On detail with him are his long-serving sergeant (Cochrane, unrecognisable - beneath a massive beard - from his CSI Miami days), a green lieutenant (Plemons) and a French private who barely lasts beyond the first reel. Bale himself sports a moustache that almost rivals Kenneth Branagh's in that dreary Orient Express film.

On the way, they're attacked by the aforementioned renegades as well as by fur traders, a killer (Foster) who must also be taken to Montana, and, at the end, by a family of father and four brothers who have claimed the chief's land as their own.

As the trek progresses, the director manages to fill in many of the traditional western cliches, as well as rather heavy-handed sympathy for the native American peoples.
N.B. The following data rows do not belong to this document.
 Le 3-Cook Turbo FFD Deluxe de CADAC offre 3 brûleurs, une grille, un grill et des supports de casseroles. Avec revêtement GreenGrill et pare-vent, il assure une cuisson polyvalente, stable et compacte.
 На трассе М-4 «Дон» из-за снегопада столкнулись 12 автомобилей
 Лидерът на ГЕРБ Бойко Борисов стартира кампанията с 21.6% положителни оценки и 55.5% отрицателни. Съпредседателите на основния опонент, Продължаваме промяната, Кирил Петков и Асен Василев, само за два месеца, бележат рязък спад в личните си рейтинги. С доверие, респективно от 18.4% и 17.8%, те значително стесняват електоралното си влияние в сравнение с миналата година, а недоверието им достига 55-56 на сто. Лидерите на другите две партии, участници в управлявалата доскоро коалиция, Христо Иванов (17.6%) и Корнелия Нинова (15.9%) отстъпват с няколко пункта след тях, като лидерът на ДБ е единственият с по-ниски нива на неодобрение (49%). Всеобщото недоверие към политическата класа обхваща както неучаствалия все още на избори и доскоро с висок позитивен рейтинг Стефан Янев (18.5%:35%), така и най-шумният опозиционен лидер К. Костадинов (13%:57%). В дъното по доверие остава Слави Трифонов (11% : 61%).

Bale and Pike end up sharing a tent, even after a death and a desertion make this unnecessary, but their relationship is gently handled by both director and actors, each of whom give delicately nuanced performances. That said, it's a mighty slow ride through the plains and forests, pardners, if with just enough action to hold a more restless soul's interest.

Strange to find a Welshman, Englishwoman and Scotsman (Mullan) in the leads of a Hollywood western, but I guess it's a sign of the times.

David Quinlan

USA 2017. UK Distributor: Entertainment. Colour by efilm.
132 minutes. Widescreen. UK certificate: 15.

Guidance ratings (out of 3): Sex/nudity 0, Violence/Horror 2, Drugs 0, Swearing 1.